A similar picture is yielded in the MTT test. Here, aprepitant reduces cell viability in all pairs cell line/concentration (Fig. 2A) with the exception of FlWp95 (all concentrations). The effect is most pronounced in the MeW164 cell line (42 ±4% of the control value at 100 µM). For the rest of the affected cell lines, the values are more or less similar, and no selectivity (cancer vs. normal cells) can be found.

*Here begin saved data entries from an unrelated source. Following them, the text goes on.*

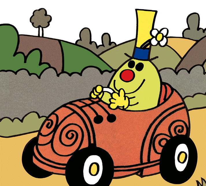 Después de almorzar, Mr. Divertido decidió salir a dar una vuelta en su coche.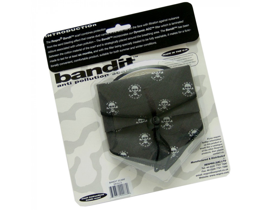 Le foulard anti-pollution Respro Bandit Scarf est une alternative au traditionnel masque. Il se porte à la manière d'un foulard classique et a l'avantage d'accorder au cycliste un look plus urbain et passe-partout au quotidien, à la différence du masque.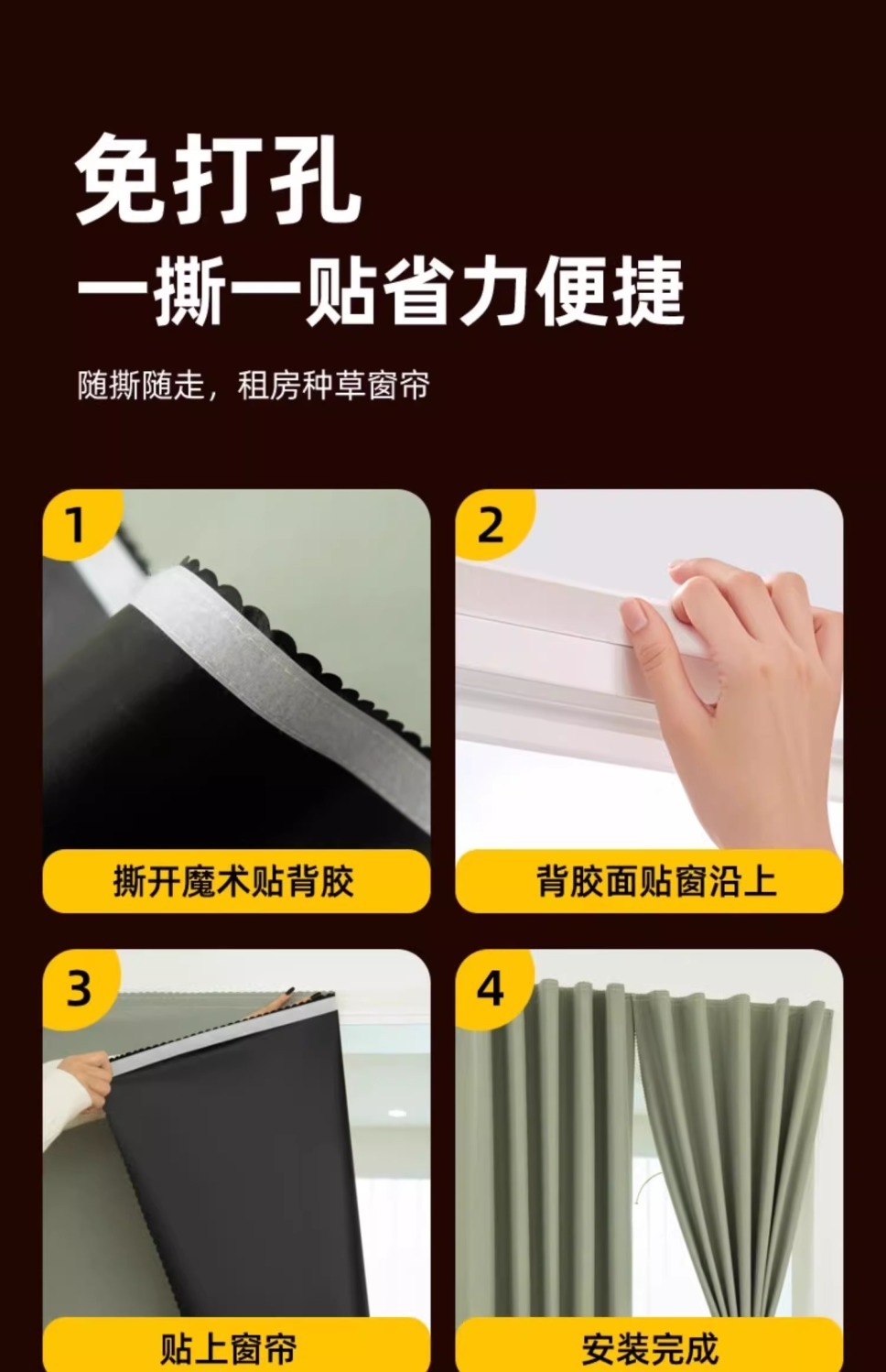 Cortina de ventana pequeña, sombra completa, velcro adhesivo, cortina de protección solar, dormitorio de estudiantes, baño, cortina simple

Again, the tested SP analogue is less efficient in reducing the cell viability in the MTT test. Here however the situation is more diversified than in the case of the cell proliferation test. T24 and FlW180 lines are not affected at all at any concentration. Yet Fib9 cell line is sensitive to all used concentrations, though, not to a great extent (85 ±2% of the control value at 100 µM). The viability of FlWp95 and MeW151 lines is reduced by 50 and 100 µM of the peptide. For the remaining lines (MeW164, MeW155 and E14), it is only the largest concentration (100 µM) that significantly reduces the MTT readout when compared to control. The melanoma MeW155 cell line is the most sensitive of all lines at 100 µM (45 ±1% of the control value at 100 µM), but strangely this is not paralleled by proportionally significant toxicities with 25 and 50 µM concentrations. Except for this MeW155/100 µM combination, no other achieves values lower than about 70% of the control value. Contrary to what was found in the cell proliferation test, no stimulatory effects were present in the MTT assay with [D-Pro2, D-Trp7,9]-Substance P.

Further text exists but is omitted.